Burial 18th century style. No shying away from the matter in hand here with thick overlaid Victorian sentimentality...skull and bones it is. [Dunsfold, Surrey]


A couple taken at Berwick, East Sussex. You often find that churches are built on pre Christian sites even on raised manmade sites such as Dunsfold. This one still has the burial mound in the churchyard with the cross on top. Old meets new.



A little visual reminder in the way of scripture boards mounted on the wall in Swingfield, Kent.

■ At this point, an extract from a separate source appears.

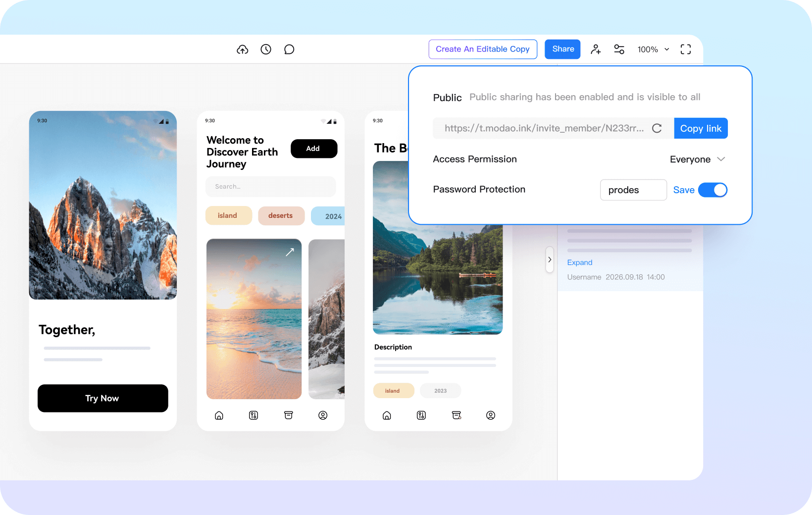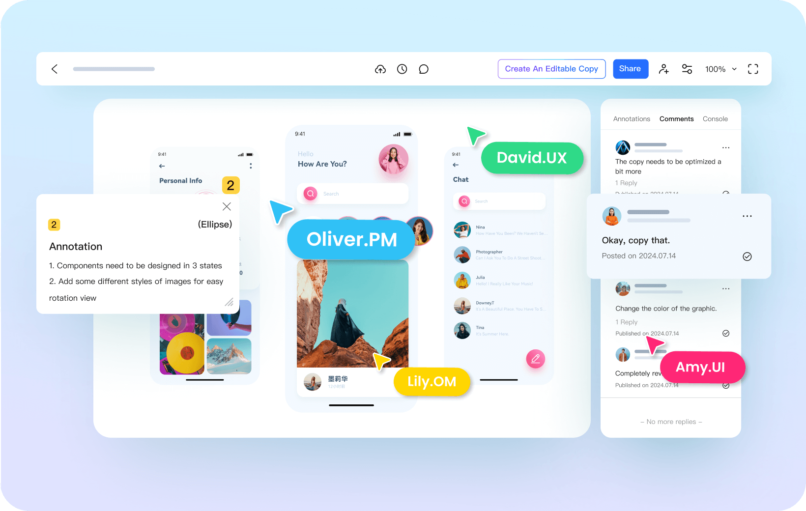 Prodes supports real-time online collaboration, team members can edit, comment and communicate on the prototype at the same time, and the files are saved to the cloud and can be accessed directly through the link, so sharing and collaborating is very efficient!
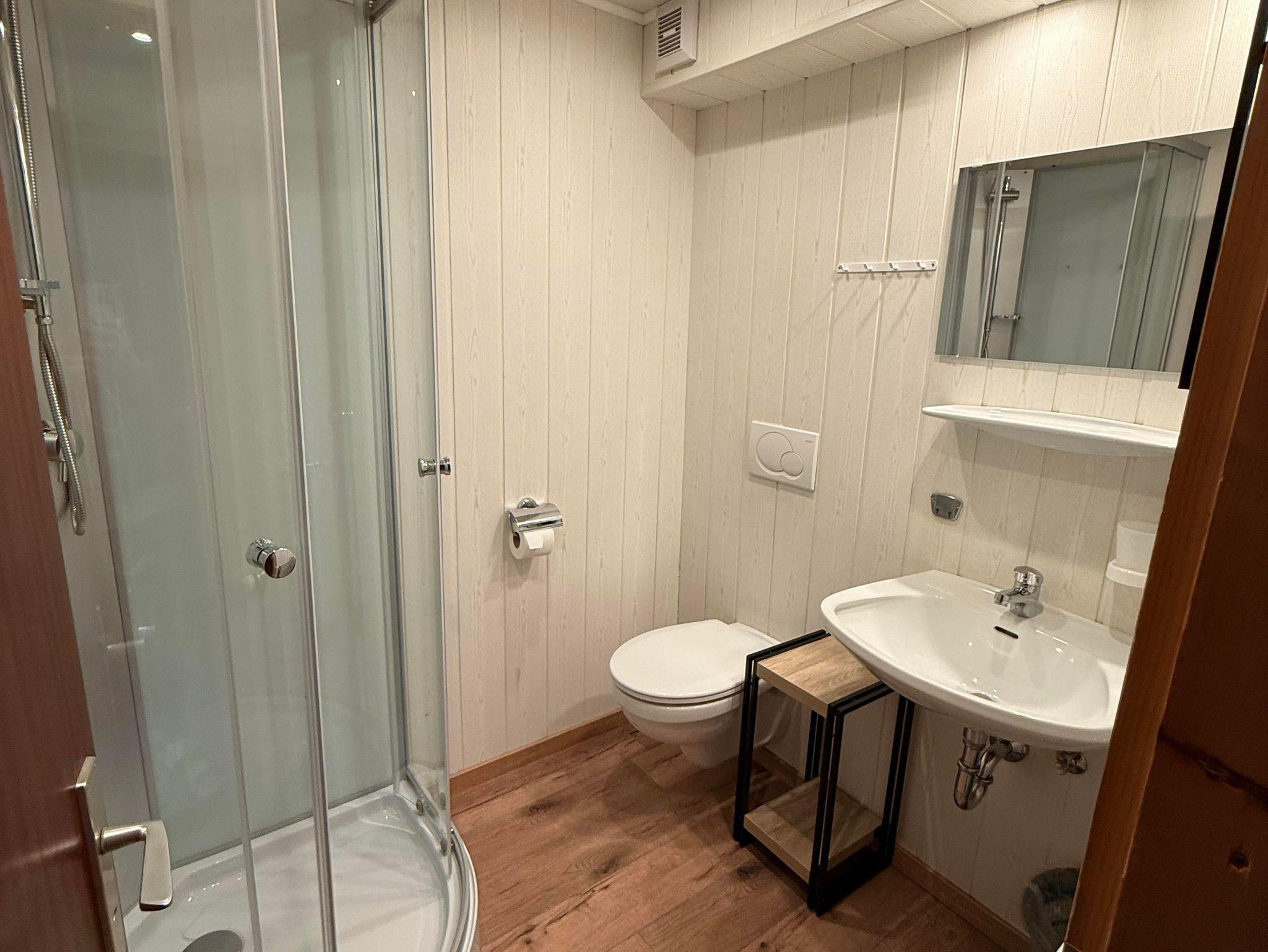 Im Zimmer befinden sich Dusche/WC und Fernseher.

Unique survival in Slaugham, Sussex. Norman font with a pike [maybe]. A fish was an early symbol of Christianity. The other shot is of the Richard Covert monument which is notable for its fine carving- the faces are so realistic that it is probable that they are true depictions of the people they were meant to represent.




Enough for now...once the anorak is through the wash I shall zip myself in and with hood up against the wind and rain of the great British summer that may very well be just around the corner I shall be back to report upon further crawler findings.